On her return, Plum passed the main house with its front walkway flanked by two large monkey jars, flowering bougainvillea and hibiscus, and dwarfed by the flame of the forest trees behind it, both in full bloom. The flowering plants, with their red and pink and yellow blooms celebrating life, taunted and teased, made tears flood Plum’s eyes again. She walked past the house to the cottage in the back and found the rooms had been stripped of Lenworth’s things—his CDs and books and papers and clothes. He didn’t have much, but everything belonging to him was gone. Plum’s clothes hanging in the wardrobe were meager, forlorn, and childish, a reminder that she had only just begun her adult life.

Plum ran back out—tottered, really—and found her landlady, Mrs. Murray, the artist who had given new life to the decrepit and rundown historic house.

“Look at you,” Mrs. Murray said. She held out her hands, palms upward and fingers splayed, surprise and joy in her voice.

“Have you seen him?” Plum asked.

“Lenworth? No.”

“He’s gone.”

“What you mean, gone?” The levity in Mrs. Murray’s voice was absent now. She looked over Plum with one sweeping glance, capturing Plum’s heavy breasts and swollen belly and the distraught look on her face. She caught Plum before she fell, held her up, linked their arms, and walked her back to the cottage.

Inside the cottage, Plum lay on the floor and bawled, rocking and heaving on the ground like a Pentecostal possessed by the Holy Spirit, throwing off the landlady attempting to hold and calm her. When she had no tears or sobs left to pour out and no strength to stand up, she knelt and looked around at the borrowed furniture that came with the cottage, then stood and looked around again for something of Lenworth’s, a handwritten explanation, a clue to where he had gone and why. But she found nothing, no sign that he had lived there at all.

Had it not been for her breasts, achingly full, it would have all felt like a miserable dream, a nightmare that Plum wasn’t actually living, and from which she would wake at any minute.
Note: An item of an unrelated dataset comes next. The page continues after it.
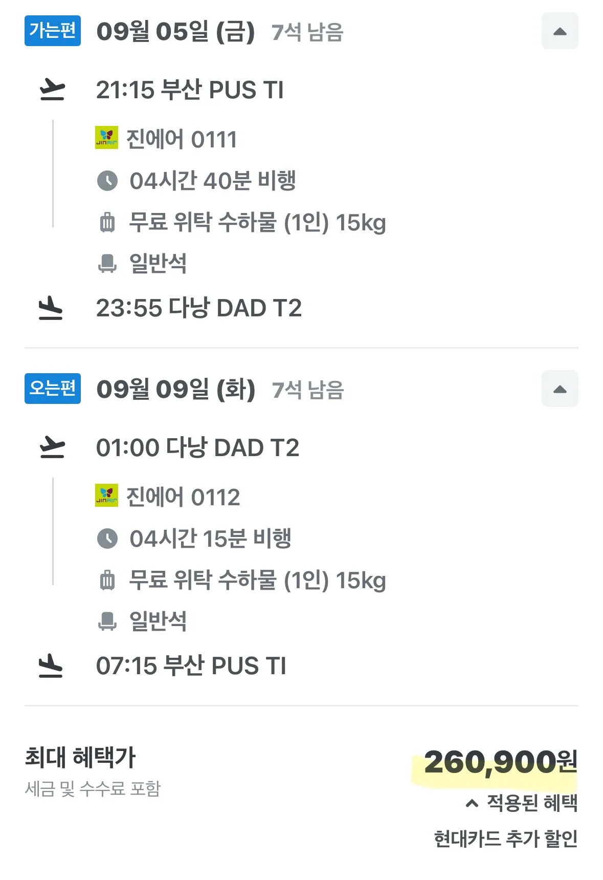 - 9월 5일(금) - 9월 9일(화) 부산 -> 다낭 26만원

Neither had words for what had happened. Lenworth was gone and so was her child, the daughter she had planned to name Marissa. They let the silence steep. For Plum, the quiet was less painful than the sounds of life—the twitter and buzz of birds and bees, the swish of leaves, the wind in the trees, a donkey braying in the distance. Mrs. Murray’s lone parrot, which had escaped its cage again, cawed incessantly, taunting them from a guava tree.

“I hate that bird.” Plum did the only thing she could in that moment. She stepped outside, picked up a small stone, and threw it at the parrot, forgetting that its wings had been clipped to prevent it from flying away.
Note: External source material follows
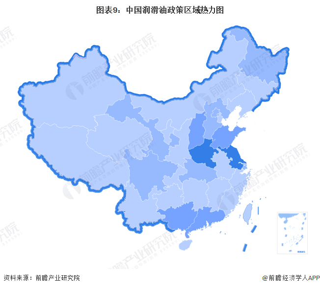 从前瞻统计得到的各省市政府部门出台的与润滑油发展相关的政策数量来看,江苏省和河南省出台润滑油相关政策数量较多,政策推动石油化工产业向高端润滑油方向发展,建立特色鲜明、具有区域竞争力的石油化工创新体系。

The parrot flitted from one limb to another, cocked its head, and repeated what Lenworth had taught it. “One plus one equals two.” It paused, then said, “Lenworth, leave the bird alone,” repeating the two phrases exactly how it had heard them. Day after day, Lenworth had stood by the parrot’s cage feeding it dried corn and repeating “one plus one equals two” with the expectation that the bird would fool an unsuspecting stranger into thinking it could count. And Plum, if she was nearby, always told Lenworth to leave the bird alone. But the joke was now an unwanted reminder of what had been. Plum reached for another, larger stone.

“Come, come.” Mrs. Murray pulled Plum’s hand back. “Don’t mix my bird up in this business with you and him. Come lay down and rest. I going to make you some soup, and when you wake up we’ll figure this out.”